A cross-sectional study of Q fever was conducted in a representative sample of the human and animal population in Cyprus in order to assess the seroprevalence of Q fever and the prevalence of related risk factors. A total of 583 human and 974 ruminant animal serum samples were collected and tested for the detection of antibodies against Coxiella burnetii phase II antigen using an indirect immunofluorescent assay. One hundred forty-one ticks were collected from the infested animals examined; the polymerase chain reaction and the shell-vial technique were used to detect and isolate C. burnetii. Standardized questionnaires were used to obtain information concerning inhabitants and their animals. A geographical information system was used to identify high-risk regions.
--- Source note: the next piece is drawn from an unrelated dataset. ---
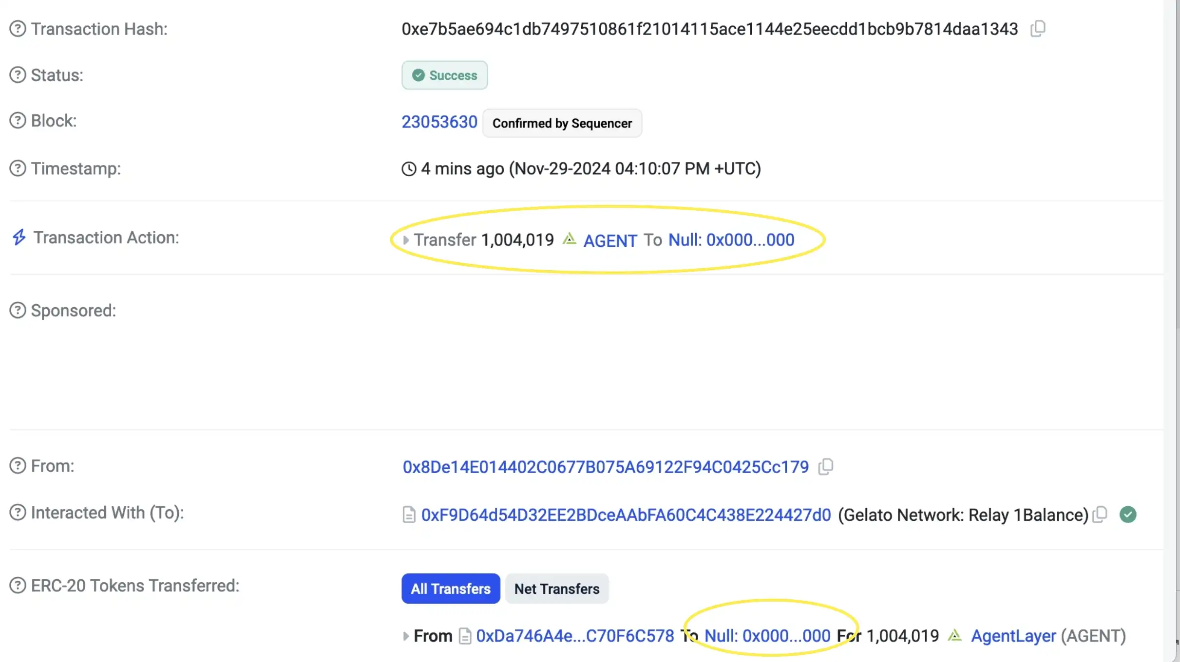 在 AgentLayer 迎来一周年之际,为进一步提升$AGENT **的价值与稀缺性,并维护**经济的平衡,AgentLayer 于新加坡时间 11 月 30 日正式完成了****销毁事件。此次销毁不仅标志着 AgentLayer 在**管理上的新举措,也预示着$AGENT **未来价值的稳步提升。
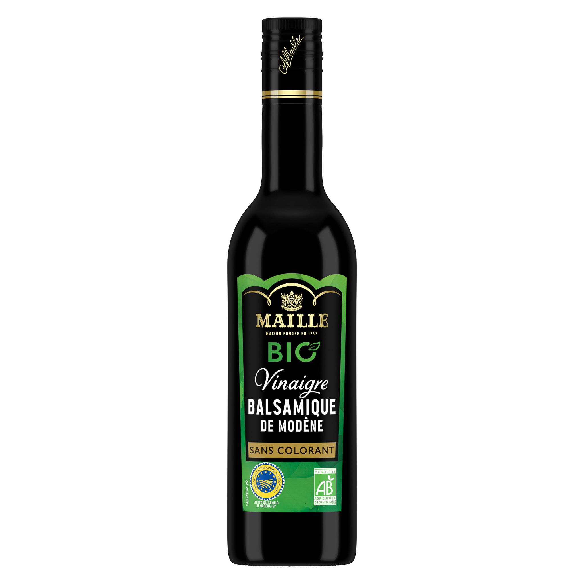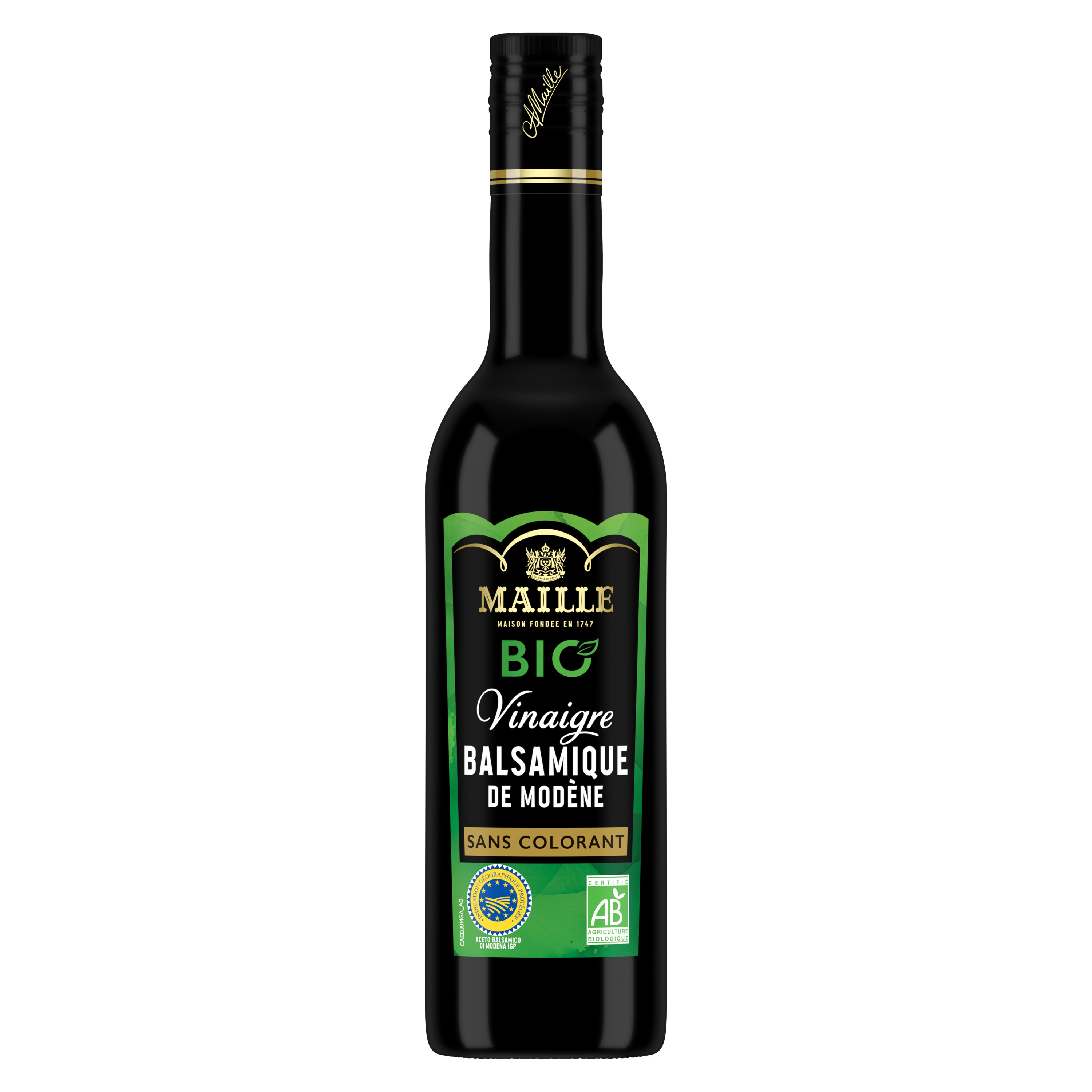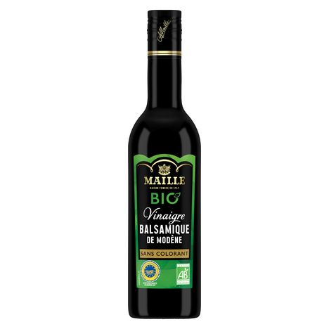 Le Vinaigre Balsamique de Modène Maille® est certifié par l'Organisme de Contrôle autorisé par le Ministère compétent - ITALIE. Provenant de Modène, le Vinaigre Balsamique de Modène Bio est un des grands succès de la Maison Maille®. Il est obtenu selon un procédé rigoureux, préparé grâce à du moût de raisin cuit, marié au vinaigre de vin, et tous les ingrédients sont issus de l'Agriculture Biologique. Vous pouvez badigeonner un poulet à rôtir ou des steaks de thon, en verser un filet sur des tomates en tranches ou assaisonner légèrement vos fraises. Quelques gouttes suffisent pour provoquer une explosion de saveurs. Depuis plus de 270 ans de tradition créative et de savoir-faire, la Maison Maille® est animée par la passion d'explorer les saveurs et de faire grandir celle pour la cuisine. Fondée par Antoine-Claude Maille, maître vinaigrier, il ouvre sa première boutique de condiments à Paris en 1747, où l'on peut découvrir la richesse de ses moutardes aromatisées. Il devient ensuite le fournisseur officiel de la cour du roi Louis XV et accède ainsi à la célébrité. Héritiers d'une créativité cultivée depuis près de 3 siècles, les chefs de la Maison Maille® conçoivent chaque recette comme une œuvre d'art culinaire. Leur obsession : explorer, sélectionner, et associer les meilleurs ingrédients pour apporter son supplément d'âme à chaque recette. Le condiment Maille ® est la touche qui réveille et révèle la beauté d'un plat. Une touche de créativité qui exacerbe le goût, accroît le plaisir et comble les gourmets les plus exigeants… Les produits de la marque Maille® invitent à un voyage dans le monde des saveurs. Avec comme passagers de choix : le savoir-faire, la passion du détail, l'art de la nuance et le raffinement. Pour une expérience immersive dans l'univers Maille®, rendez-vous dans nos boutiques à Paris, Dijon et Bordeaux. Découvrez notre gamme de vinaigres : vinaigre de cidre, vinaigre de vin, Vinaigre Balsamique de Modène et velours ainsi que nos recettes sur www.maille.com.

The prevalence of IgG antibodies against C. burnetii phase II antigen was estimated at 52.7% for humans, 48.2% for goats, 18.9% for sheep, and 24% for bovines. C. burnetii was detected in 11 (7.8%) ticks. Using the geographical information system, two villages were identified as high-risk regions on the basis of high seroprevalence rates of IgG antibodies in humans and animals. Risk factors related to Q fever seropositivity were identified by logistic regression analysis and included age, residence, occupation, use of manure in the garden, ownership of animals (especially goats), and the presence of tick-infested or aborting animals. Q fever poses an occupational hazard to humans living in close contact with sheep and/or goats. In parallel, ticks should be considered an important aspect in the epidemiology of Q fever and should be further studied to better elucidate their role.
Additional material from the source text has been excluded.